For the last 35 years or so, allogeneic hematopoietic stem cell transplantation (HSCT) has been the only curative approach for patients affected by severe combined immunodeficiencies (SCID), a medical emergency. According to the most recent European survey haploidentical transplants allow a survival rate at 3 years of 75% (taking only into account patients transplanted since 1995). The mortality rate is heavily influenced by age at transplantation (being very low within young infants), in correlation with the infection burden and also the incidence of acute graft-versus-host reaction (GVHD). Between 1998 and 2003, 6 patients with NK(−) B(+) SCIDs (either gc or JAK3 deficiency) received an haploidentical HSCT at Necker Hospital, 3 of them died from an infection, one in the context of a severe GVHD. In addition, despite the improvement in the survival rate, over the time a number of long-term concerns have been detected including a frequent persistence of a B cell deficiency, and a decline in T-cell functions related to the absence of donor stem cell engraftment and may be also to a premature decline in the thymus function.

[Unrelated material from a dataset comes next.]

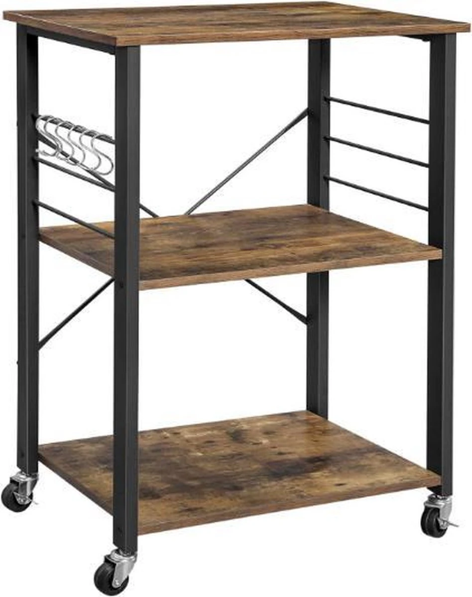 Als broodroosters en waterkokers naar de vloer moeten worden verplaatst om ruimte te maken, is het hoog tijd voor dit keukenrek. Zet je magnetron op het hoogste niveau. De onderste planken, op een afstand van 38 cm, zijn geschikt voor alle soorten keukengerei. De 6 S-vormige haken zijn perfect voor het ophangen van kooklepels of droge handdoeken.

Therefore, several patients have received a second transplant with a low efficiency in an haploidentical setting.

These significant limitations set the rationale for the development of an alternative strategy such as gene therapy. From March 1999 up to May 2002, ten children with gc deficiency under the age of one year were enrolled.

All of them are alive today. The gc gene transfer into patients’ CD34(+) cells led in 9 out of 10 patients to the emergence of T and NK lymphocytes. It took 10 to 12 weeks to detect mature T cells in the periphery, a delay which is significantly faster than the one observed after haploidentical HSCT. In all but 2 patients, T cell counts normalized up to 5.3 years after gene therapy. The occurrence of two severe adverse events led to put transiently the trial on hold in order to understand the pathophysiology of these events and assess its overall risks. Following a thorough analysis of the retrospective data and a prospective analysis, it was concluded that the benefit/risk balance in favor of the gene therapy approach at least for patients older than 3 months, hence our gene therapy protocol has been reopened. An update of the clinical data will provided at the meeting.